## WORK ORDER
Would you please write out only the lines running from the top of the listing through the one holding "Mola Adebisi beim", exactly, with both ends kept and pictures left out?

## RECORDS SHOWN
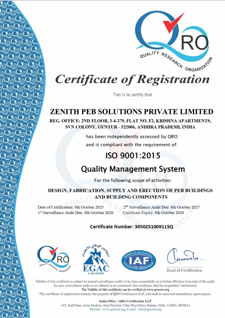 Zenith PEB Solutions Pvt. Ltd. is proud to be ISO 9001:2015 certified by QRO Certification for its design, fabrication, supply, and erection of Pre-Engineered Buildings.
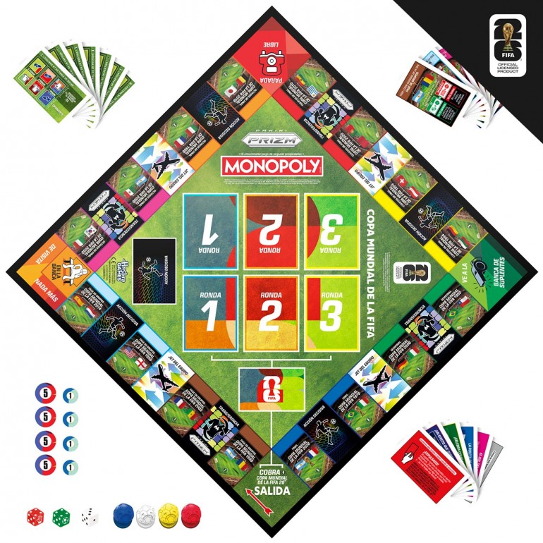 ¡Compite por la gloria en la Copa mundial de la FIFA 2026 con este juego de mesa Monopoly Panini Prizm: Copa mundial de la FIFA! Incluye cartas coleccionables Monopoly Panini Prizm Copa mundial de la FIFA 2026. Selecciona e intercambia jugadores usando las 16 cartas Panini (un Pack de inicio de 8 cartas, dos Packs Prizm de 4 cartas). Busca estrellas como Lionel Messi, Kylian Mbappé y Mia Hamm. ¡Encuentra 6 cartas exclusivas Gold Cracked Ice de Monopoly Panini Prizm en cada caja! Busca las cartas exclusivas de triplete y las ultrarraras White Money Blast. Toma el control de partidos históricos en el tablero y, después, compite contra los oponentes que caigan en ellos tirando dados especiales para mejorar las habilidades de ataque o defensa de tus jugadores.
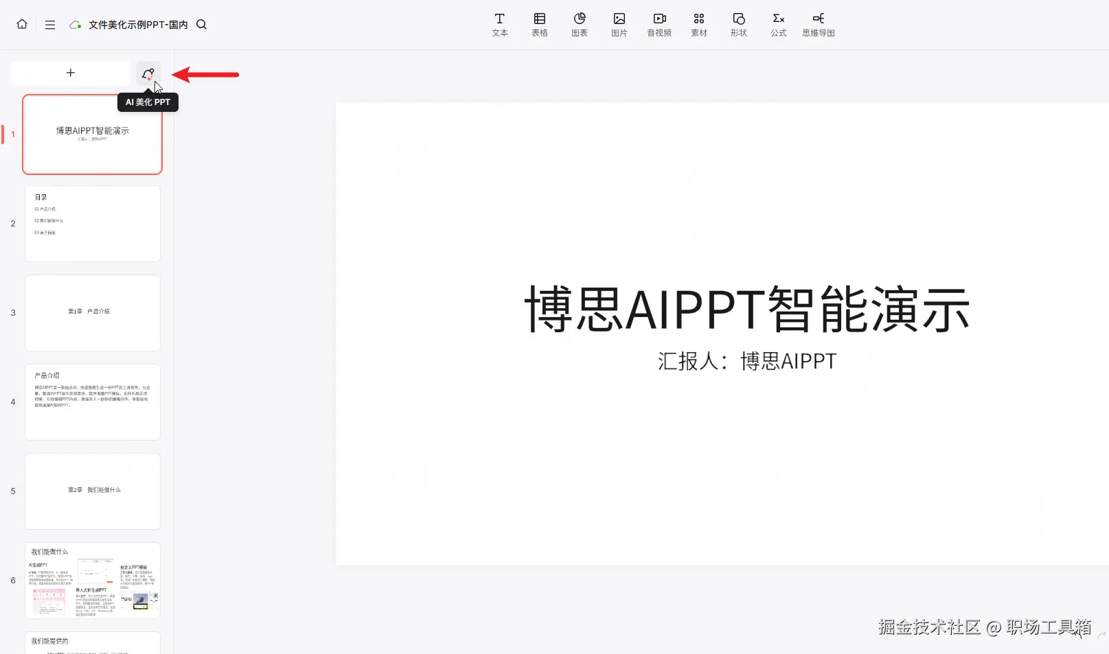如果无需编辑,可点击博思AIPPT编辑器左上角的AI美化PPT按钮,启用AI美化PPT。
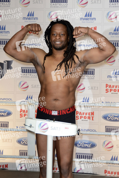 Mola Adebisi beim Wiegen zum TV-Kampfevent 'Das große SAT.1 Promiboxen' im Sportgarde Box-Club. Düsseldorf, 06.03.2013
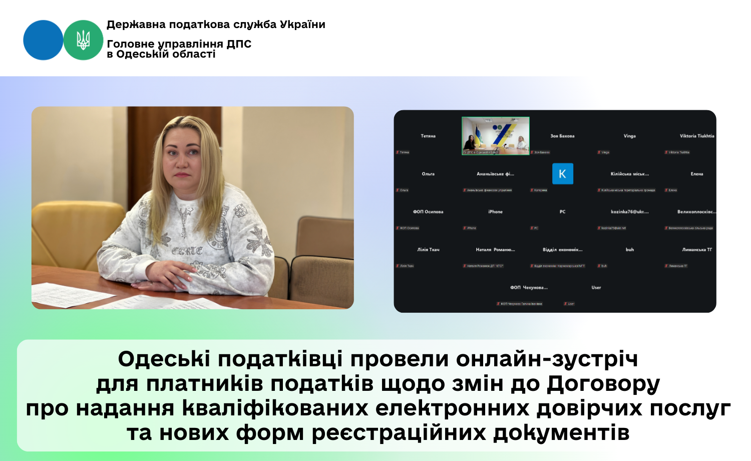 Одеські податківці провели онлайн-зустріч для платників податків щодо змін до Договору про надання кваліфікованих електронних довірчих послуг та нових форм реєстраційних документів
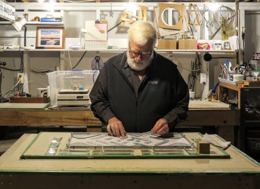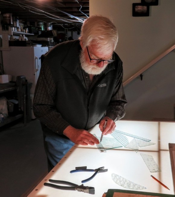 Sized at 12″ x 26″, there are 54 pieces in the pattern and 30 of them are beveled. The chosen kitchen window in Darlene’s house has a south-western exposure so all those bevels suggest a brilliant show when the sun is shining.
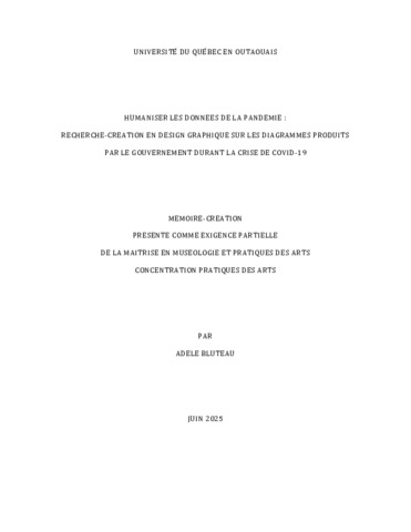 Bluteau, Adèle (2025). Humaniser les données de la pandémie : recherche-création en design graphique sur les diagrammes produits par le gouvernement durant la crise de COVID-19. Mémoire. Gatineau, Université du Québec en Outaouais, École des arts et cultures, 79 p.
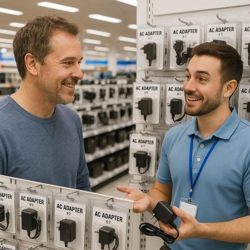 多くの店舗ではスマートフォンやタブレット向けのUSBアダプター、マルチポート充電器などが販売されていますが、9V仕様のACアダプターを常時取り扱っている店舗は限られています。
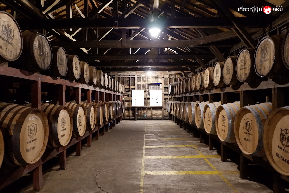 จากนั้นวิทยากรได้นำเข้าโรงบ่มวิสกี้ในห้องเก็บอุณหภูมิโดยจะทำการบ่มเอาไว้ในถังไม้โอ๊กเพื่อให้ได้รสชาติที่เป็นมาตรฐาน
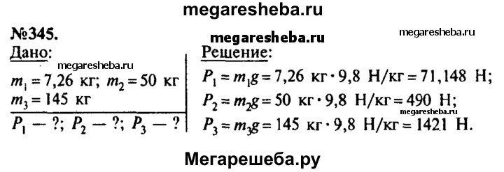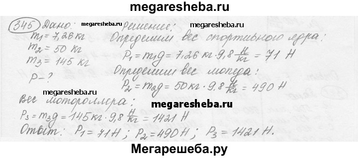 345. Вычислите вес спортивного ядра, мопеда «Верховина-5», мотороллера «Турист-М», если массы их соответственно равны 7,26 кг, 50 кг, 145 кг.
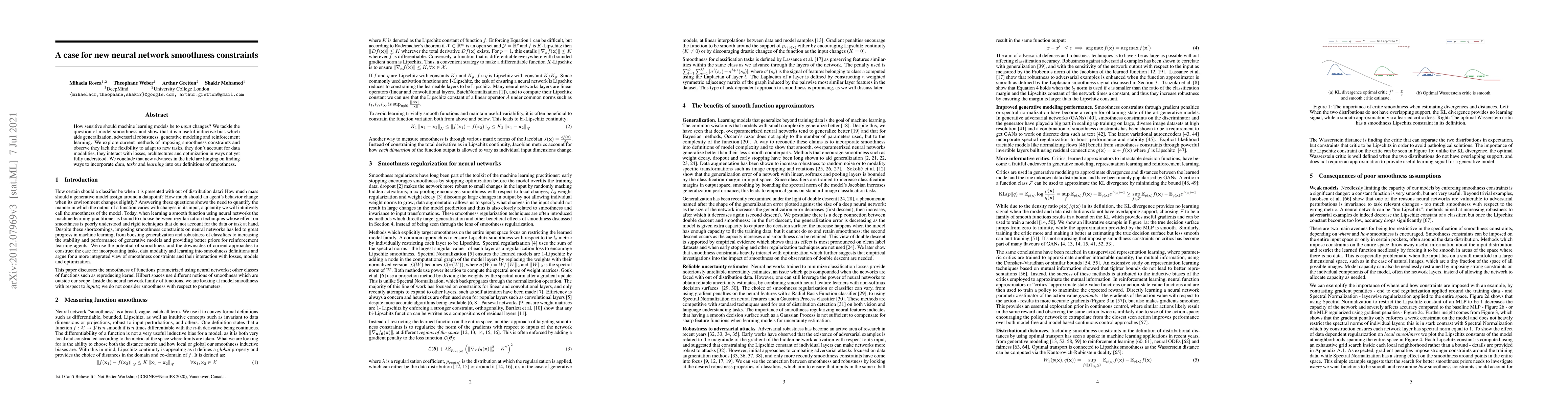 This paper argues that machine learning models should be smooth enough to generalize well, be robust against adversarial attacks, and generate realistic data, but current methods of imposing smoothness constraints lack flexibility. New advances aim to incorporate data, tasks, and learning into definitions of smoothness.

## ANSWER SPACE
 Zenith PEB Solutions Pvt. Ltd. is proud to be ISO 9001:2015 certified by QRO Certification for its design, fabrication, supply, and erection of Pre-Engineered Buildings.
 ¡Compite por la gloria en la Copa mundial de la FIFA 2026 con este juego de mesa Monopoly Panini Prizm: Copa mundial de la FIFA! Incluye cartas coleccionables Monopoly Panini Prizm Copa mundial de la FIFA 2026. Selecciona e intercambia jugadores usando las 16 cartas Panini (un Pack de inicio de 8 cartas, dos Packs Prizm de 4 cartas). Busca estrellas como Lionel Messi, Kylian Mbappé y Mia Hamm. ¡Encuentra 6 cartas exclusivas Gold Cracked Ice de Monopoly Panini Prizm en cada caja! Busca las cartas exclusivas de triplete y las ultrarraras White Money Blast. Toma el control de partidos históricos en el tablero y, después, compite contra los oponentes que caigan en ellos tirando dados especiales para mejorar las habilidades de ataque o defensa de tus jugadores.
如果无需编辑,可点击博思AIPPT编辑器左上角的AI美化PPT按钮,启用AI美化PPT。
 Mola Adebisi beim Wiegen zum TV-Kampfevent 'Das große SAT.1 Promiboxen' im Sportgarde Box-Club. Düsseldorf, 06.03.2013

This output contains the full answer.